On 08/14/2014 11:45 AM, Peter F. Patel-Schneider wrote:
> On 08/13/2014 08:14 PM, David Booth wrote:
>> On 08/13/2014 10:04 PM, Peter F. Patel-Schneider wrote:
>>> OK, even though regression testing doesn't need canonicalization, it is
>>> useful to have RDF canonicalization to support a particular regression
>>> testing system.
>>>
>>> But how is the lack of a W3C-blessed method for RDF canonicalization
>>> hindering the development or deployment of this system?  How would a
>>> W3C-blessed method for RDF canonicalization help the development or
>>> deployment of this system?
>>>
>>> The system could use any canonical form whatsoever, after all, right?
>>
>> Yes and no.  The lack of a W3C-blessed method of RDF canonicalization
>> makes
>> the comparison dependant on the particular canonicalization tool that
>> is used,
>> which means that RDF data produced by different tools (or different
>> versions
>> of the same tool) could not be reliably compared.  In many scenarios this
>> won't be an issue, but it will in some.
>
> Maybe, but regression testing appears to me to be a scenario where this
> is definitely not an issue.  The regression testing system can simply
> have one particular canonicalization tool or method that it uses.
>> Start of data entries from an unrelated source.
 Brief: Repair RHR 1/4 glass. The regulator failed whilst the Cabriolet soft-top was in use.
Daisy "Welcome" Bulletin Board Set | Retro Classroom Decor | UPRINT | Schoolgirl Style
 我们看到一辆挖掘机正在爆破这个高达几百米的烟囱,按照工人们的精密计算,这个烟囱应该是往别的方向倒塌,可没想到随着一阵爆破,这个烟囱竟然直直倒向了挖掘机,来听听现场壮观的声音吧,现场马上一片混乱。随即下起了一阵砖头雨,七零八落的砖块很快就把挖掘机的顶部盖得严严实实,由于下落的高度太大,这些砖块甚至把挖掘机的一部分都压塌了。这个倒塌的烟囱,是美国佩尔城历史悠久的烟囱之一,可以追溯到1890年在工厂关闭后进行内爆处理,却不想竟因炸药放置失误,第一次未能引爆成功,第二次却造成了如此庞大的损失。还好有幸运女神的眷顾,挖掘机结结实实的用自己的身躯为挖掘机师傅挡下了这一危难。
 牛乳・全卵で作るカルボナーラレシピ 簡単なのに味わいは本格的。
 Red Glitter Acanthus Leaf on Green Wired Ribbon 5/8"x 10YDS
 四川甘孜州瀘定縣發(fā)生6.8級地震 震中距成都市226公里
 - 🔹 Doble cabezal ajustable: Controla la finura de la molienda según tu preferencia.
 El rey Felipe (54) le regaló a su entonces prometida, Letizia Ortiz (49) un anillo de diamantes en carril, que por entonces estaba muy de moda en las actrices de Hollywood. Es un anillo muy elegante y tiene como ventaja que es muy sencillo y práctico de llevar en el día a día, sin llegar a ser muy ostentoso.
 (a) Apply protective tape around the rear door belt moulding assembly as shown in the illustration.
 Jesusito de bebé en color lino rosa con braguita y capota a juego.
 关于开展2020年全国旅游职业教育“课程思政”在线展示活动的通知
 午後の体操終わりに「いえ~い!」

No, it cannot.  Again, the data comparison process -- regression testing 
-- is *separate* from the data serialization process.  They are 
completely decoupled.  The data comparison process knows nothing about 
the datatype -- it just compares bytes.  Canonicalization is done in the 
*serialization* process, which *must* understand the datatype anyway -- 
not in the comparison process, which does not and should not have to 
know anything about the datatype.  This decoupling is done so that the 
Framework can uniformly handle any kind of data.

>
>> But more importantly, the lack of a standard RDF canonicalization method
>> discourages the development of canonicalization tools.
>
> Well, maybe, but in the absence of a need for a standard for RDF
> canonicalization then this does not appear to be a problem to be
> addressed by standardization.

Well, I've described my need for it, but I understand if you're using 
RDF differently and don't feel the same need that I feel.

>
>  > Canonicalization has
>> gotten little attention in RDF tools, in my view largely *because* of the
>> difficulty of doing it and the lack of a W3C-blessed method.  It is
>> non-trivial to implement, and if one's implementation would just end
>> up as
>> one's own idiosyncratic canonicalization anyway, instead of being an
>> implementation of a standard, then there isn't as much motivation to
>> do it.  I
>> think a W3C-blessed method would help a lot.
>>
>> Would you be okay with canonicalization being an OPTIONAL deliverable?
>
> Without a demonstrated need for W3C standardization of RDF
> canonicalization, and, further, a demonstrated need in the context of
> this WG's general activities, I don't see that RDF canonicalization
> should be a part of the WG.

I'm disappointed, but I'll drop my request that it be included.

Having evangelized RDF for over 10 years, I've become convinced that RDF 
has subtleties that ultimately make it more complex and harder to use 
than it should be, and this inhibits adoption.  The inability to easily 
compare two RDF graphs for equality is one good example: it is trivially 
easy in most data representations, but embarrassingly difficult in RDF. 
  I was hoping that we could make a small step toward fixing that flaw, 
but I guess not today.

Still, I'm glad to see other work on RDF validation going forward, 
because that's another gap that we've had for a long time.

David

Received on Thursday, 14 August 2014 18:09:20 UTC